Starting at the line that holds "К 70-летнему юбилею", quote every line through the end of the records, both boundary lines included. Omit the pictures.

Excerpts from a dataset
* * * * * * *

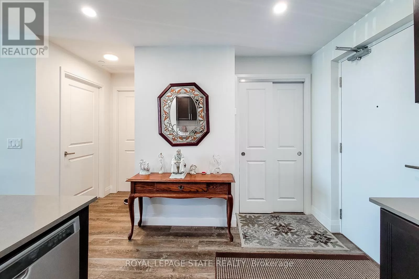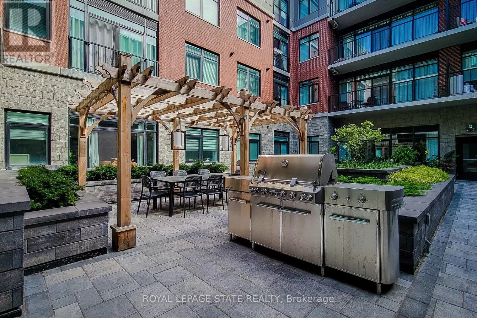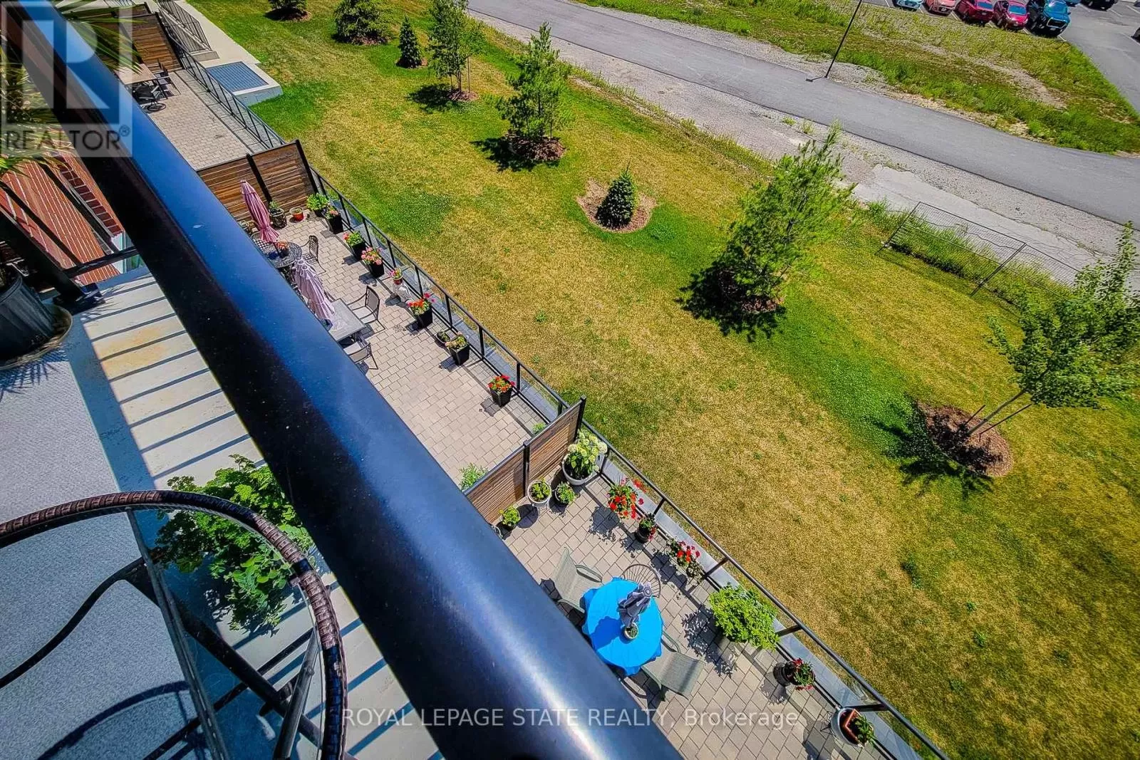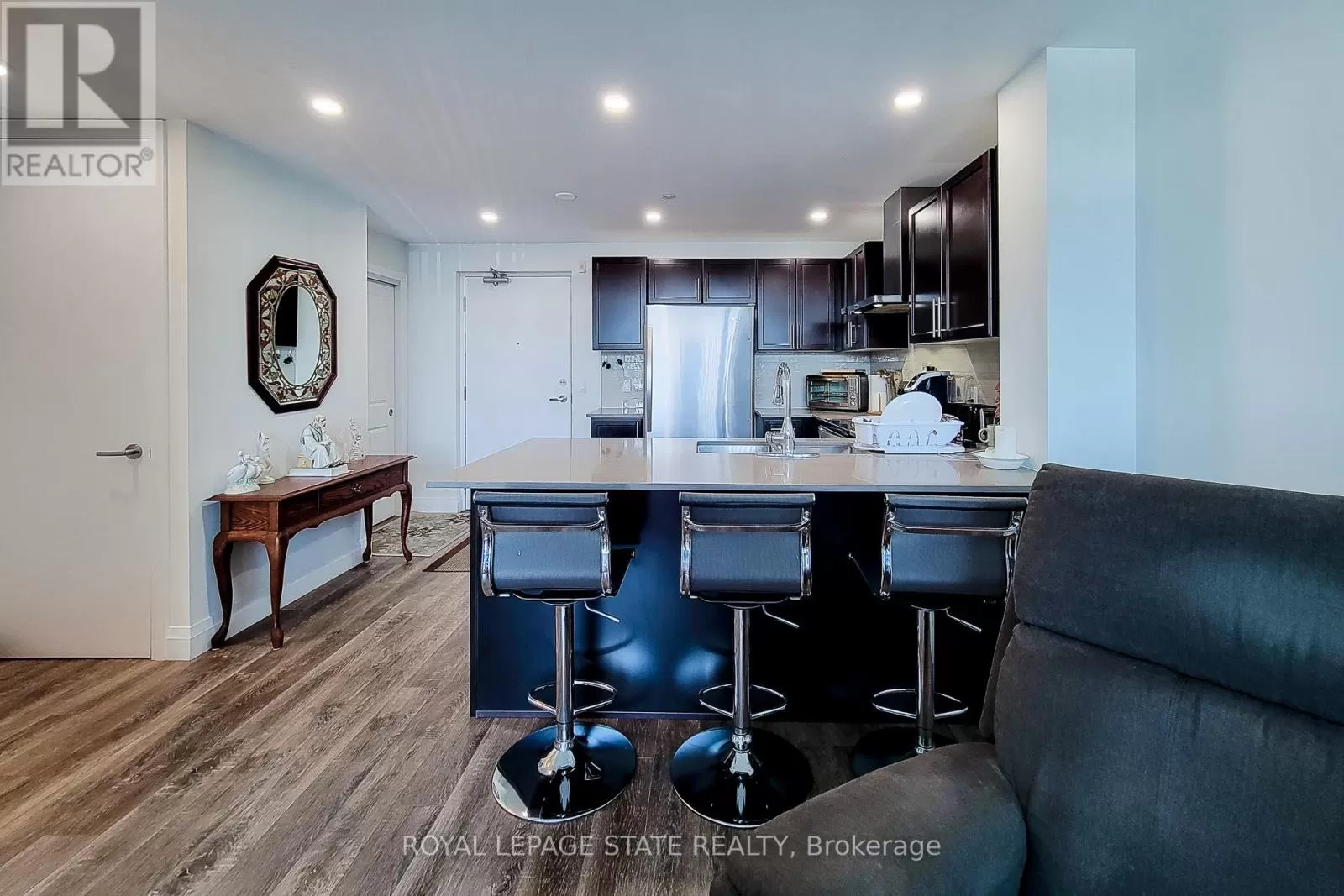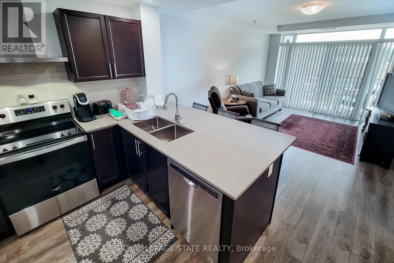 Cross Streets: Sanatorium Road. ** Directions: Mohawk Road West/Sanatorium Road/Redfern Avenue. Welcome to modern, upscale living at Scenic Trails Condos, nestled in Hamilton's highly sought-after Mountview neighbourhood. This beautifully upgraded one-bedroom, one-bathroom condo offers the perfect blend of style, comfort, and convenience. Ideal for first-time buyers, downsizers, or investors, this main floor unit features a bright, open-concept layout with 9' ceilings, floor-to-ceiling south-facing windows, and custom blinds that fill the space with natural light. The kitchen is complete with stainless steel appliances, quartz countertops, perfect for cooking and entertaining. The spacious bedroom includes a walk-in closet, while the main bathroom and in-suite laundry add everyday ease. Step outside to your private open terrace with ideal for morning coffee or evening relaxation. Enjoy top-tier building amenities including a state-of-the-are gym, party room, billiards lounge with wet bar, games room, theatre room, and a beautifully landscaped courtyard with BBQs, fountain, fireplace, and lounge seating. This unit comes with an owned underground parking spot and locker. Located in a prime location close to absolutely everything! (id:27476)
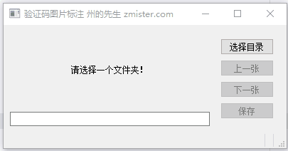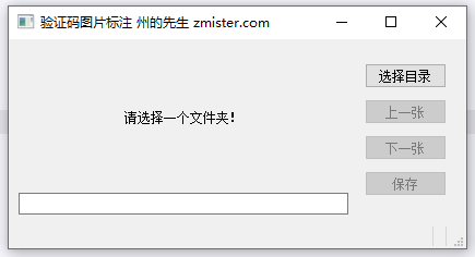 class ImgTag(QtWidgets.QMainWindow): def __init__(self): super().__init__() self.setWindowTitle("验证码图片标注 州的先生 zmister.com") # 主控件和主控件布局 self.main_widget = QtWidgets.QWidget() self.main_layout = QtWidgets.QGridLayout() self.main_widget.setLayout(self.main_layout) # 图像展示控件 self.img_widget = QtWidgets.QWidget() self.img_layout = QtWidgets.QHBoxLayout() self.img_widget.setLayout(self.img_layout) # 标签占位 self.img_view = QtWidgets.QLabel("请选择一个文件夹!") self.img_view.setAlignment(QtCore.Qt.AlignCenter) self.img_layout.addWidget(self.img_view) # 图像标注控件 self.img_input = QtWidgets.QLineEdit() # 控制按钮控件 self.opera_widget = QtWidgets.QWidget() self.opera_layout = QtWidgets.QVBoxLayout() self.opera_widget.setLayout(self.opera_layout) # 各个按钮 self.select_img_btn = QtWidgets.QPushButton("选择目录") self.previous_img_btn = QtWidgets.QPushButton("上一张") self.previous_img_btn.setEnabled(False) self.next_img_btn = QtWidgets.QPushButton("下一张") self.next_img_btn.setEnabled(False) self.save_img_btn = QtWidgets.QPushButton("保存") self.save_img_btn.setEnabled(False) # 添加按钮到布局 self.opera_layout.addWidget(self.select_img_btn) self.opera_layout.addWidget(self.previous_img_btn) self.opera_layout.addWidget(self.next_img_btn) self.opera_layout.addWidget(self.save_img_btn) # 将控件添加到主控件布局层 self.main_layout.addWidget(self.img_widget,0,0,4,4) self.main_layout.addWidget(self.opera_widget,0,4,5,1) self.main_layout.addWidget(self.img_input,4,0,1,4) # 状态栏 self.img_total_current_label = QtWidgets.QLabel() self.img_total_label = QtWidgets.QLabel() self.statusBar().addPermanentWidget(self.img_total_current_label) self.statusBar().addPermanentWidget(self.img_total_label, stretch=0) # 在状态栏添加永久控件 # 设置UI界面核心控件 self.setCentralWidget(self.main_widget)
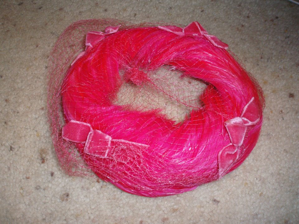 Another one I have has no labels in it at all, It is a fueshia pink with netting and bows around the top.
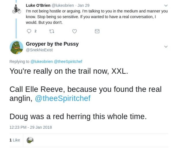 He then got defensive, trying to explain to these groypers how he wasn’t hurt by the suggestion of Elle Reeve seeing him engaged, as a man in his fifties who claims to be a journalist, in a name-calling contest with anonymous teenagers.
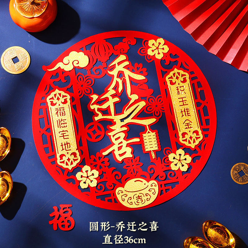 Joe Relocation Happy Decoration Door Post New Residence Moving Into House Ceremony Arrangement Supplies New Room Window Flower Cut Paper Fu Character Wall Sticker-Taobao
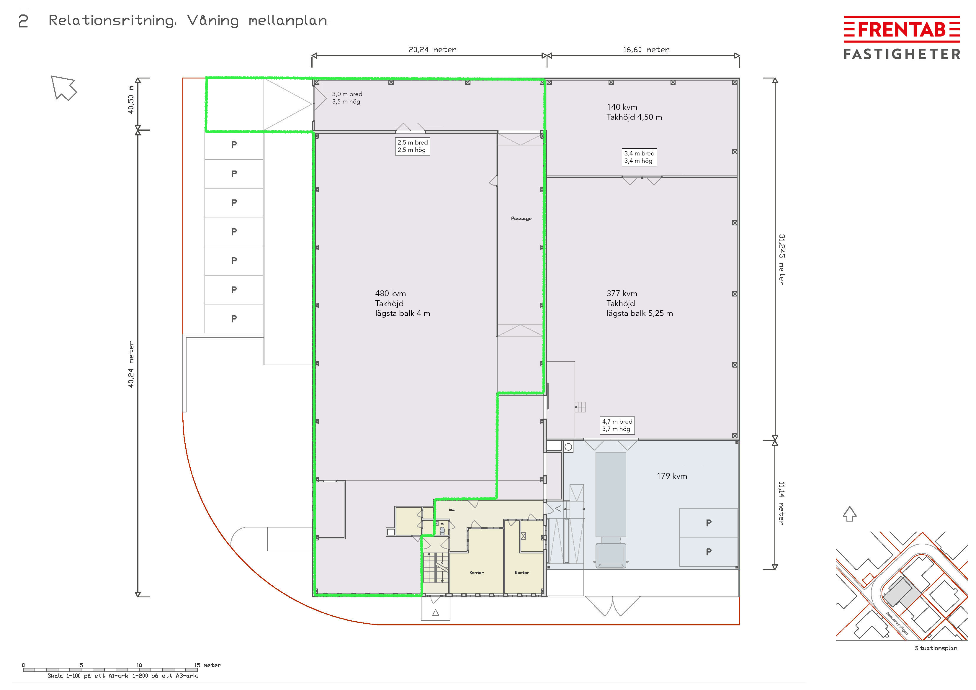 Kontorsdelen uppgår är fördelad på mellanplan och övre plan. Här finns flera kontorsrum samt bl.a gemensamma funktioner såsom fikarum/pentry och WC, med direkt koppling till verksamhetsytorna via intern trappa. Kontoren är tydligt avskilda från industridelen men samtidigt nära integrerade för effektiv daglig drift.
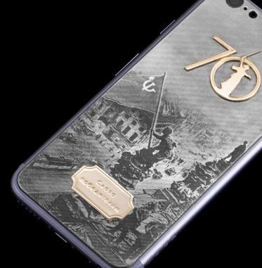 К 70-летнему юбилею Победы в Великой Отечественной войне ювелирный бренд Caviar презентовал новые эксклюзивные телефоны. Серия лимитирована: будут выпущены всего 70 аппаратов на базе Android и столько же в версии iOS. Титановый корпус телефона украшен гравировкой, изображающей известное фото «Знамя Победы над Рейхстагом». Но главная изюминка – золотой знак в виде скульптуры «Родина-мать зовет», а также золотая табличка «Слава победителям». Причем надпись сделана по-русски.
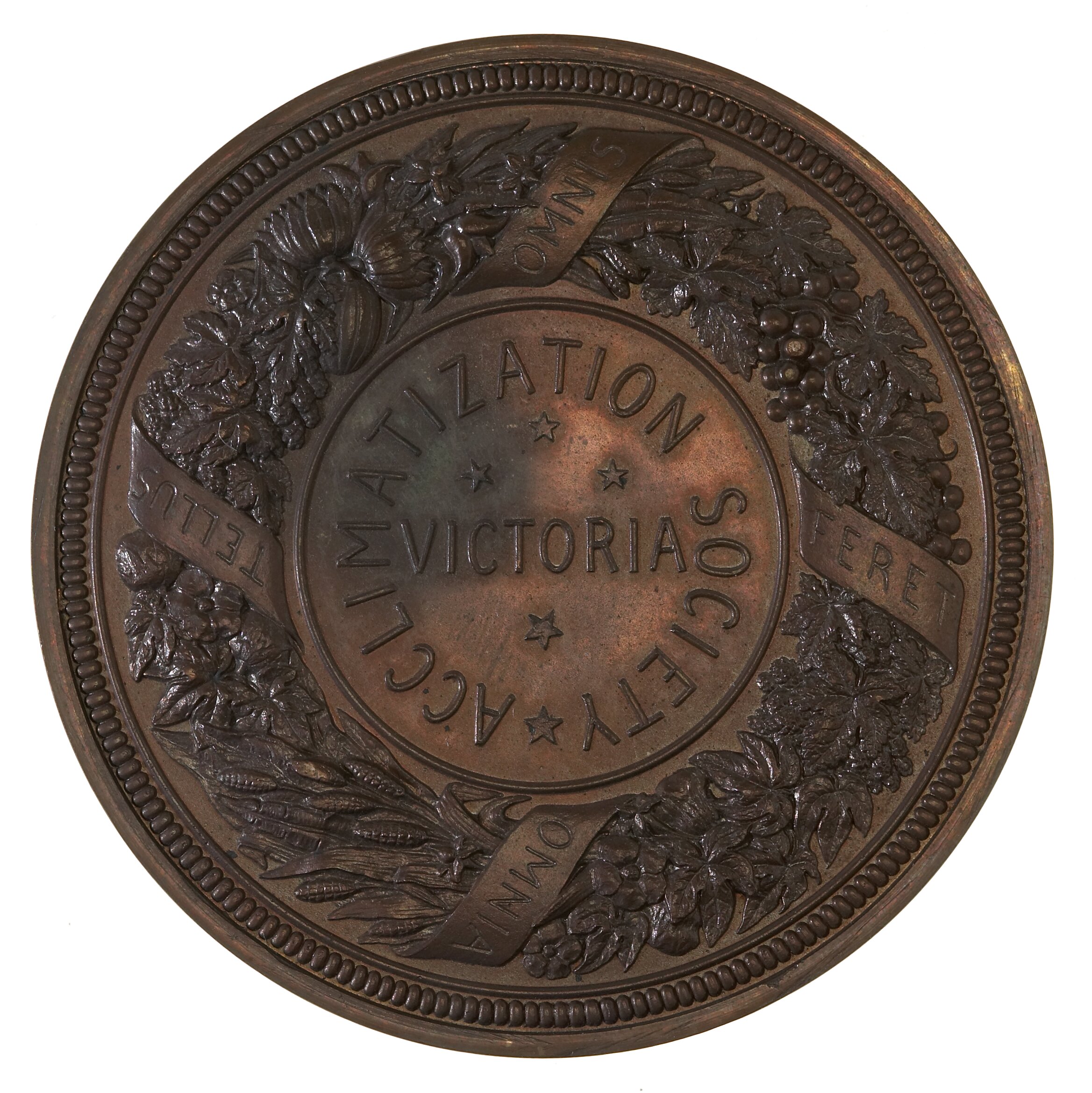 Obverse: ACCLIMATIZATION SOCIETY VICTORIA OMNIA TELLUS OMNES FERET Reverse: J.S. & A.B. WYON SC. 1868 T. LANSEER A.B.A. ADJ.
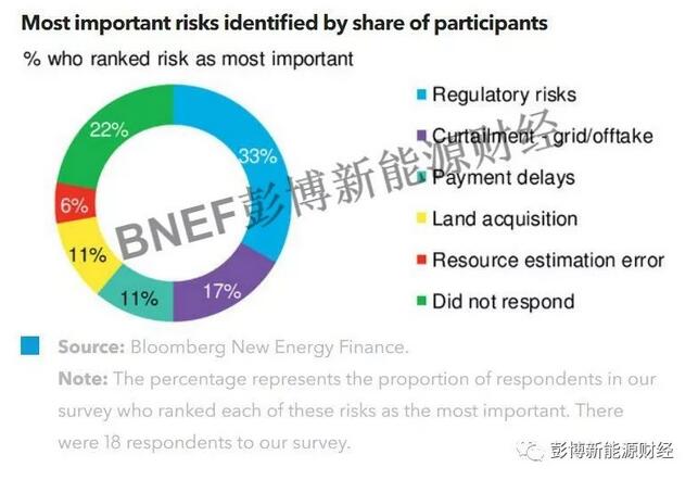 從我們對(duì)印度光伏與風(fēng)電領(lǐng)域18家獨(dú)立發(fā)電公司與融資機(jī)構(gòu)進(jìn)行的調(diào)研來看,棄電問題以及法規(guī)的變動(dòng)是目前印度可再生能源領(lǐng)域所面臨的最嚴(yán)重風(fēng)險(xiǎn)。約33%的受訪者(見圖)表示,2017年所面臨的最嚴(yán)峻的挑戰(zhàn)在于:配電公司紛紛要求就購電協(xié)議進(jìn)行重新談判,并且關(guān)稅、反傾銷稅及商品和服務(wù)稅政策不夠明朗。
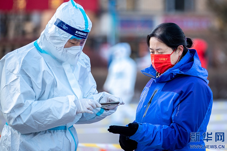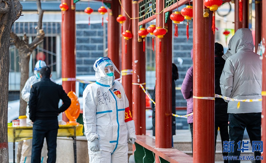 2月21日,在呼和浩特市玉泉區(qū)興隆巷街道芳清園小區(qū)臨時(shí)核酸采樣點(diǎn),點(diǎn)位長在核酸采樣現(xiàn)場工作。新華網(wǎng)發(fā) (丁根厚 攝)

* * * * * * *

Response ▸
 К 70-летнему юбилею Победы в Великой Отечественной войне ювелирный бренд Caviar презентовал новые эксклюзивные телефоны. Серия лимитирована: будут выпущены всего 70 аппаратов на базе Android и столько же в версии iOS. Титановый корпус телефона украшен гравировкой, изображающей известное фото «Знамя Победы над Рейхстагом». Но главная изюминка – золотой знак в виде скульптуры «Родина-мать зовет», а также золотая табличка «Слава победителям». Причем надпись сделана по-русски.
 Obverse: ACCLIMATIZATION SOCIETY VICTORIA OMNIA TELLUS OMNES FERET Reverse: J.S. & A.B. WYON SC. 1868 T. LANSEER A.B.A. ADJ.
 從我們對(duì)印度光伏與風(fēng)電領(lǐng)域18家獨(dú)立發(fā)電公司與融資機(jī)構(gòu)進(jìn)行的調(diào)研來看,棄電問題以及法規(guī)的變動(dòng)是目前印度可再生能源領(lǐng)域所面臨的最嚴(yán)重風(fēng)險(xiǎn)。約33%的受訪者(見圖)表示,2017年所面臨的最嚴(yán)峻的挑戰(zhàn)在于:配電公司紛紛要求就購電協(xié)議進(jìn)行重新談判,并且關(guān)稅、反傾銷稅及商品和服務(wù)稅政策不夠明朗。
 2月21日,在呼和浩特市玉泉區(qū)興隆巷街道芳清園小區(qū)臨時(shí)核酸采樣點(diǎn),點(diǎn)位長在核酸采樣現(xiàn)場工作。新華網(wǎng)發(fā) (丁根厚 攝)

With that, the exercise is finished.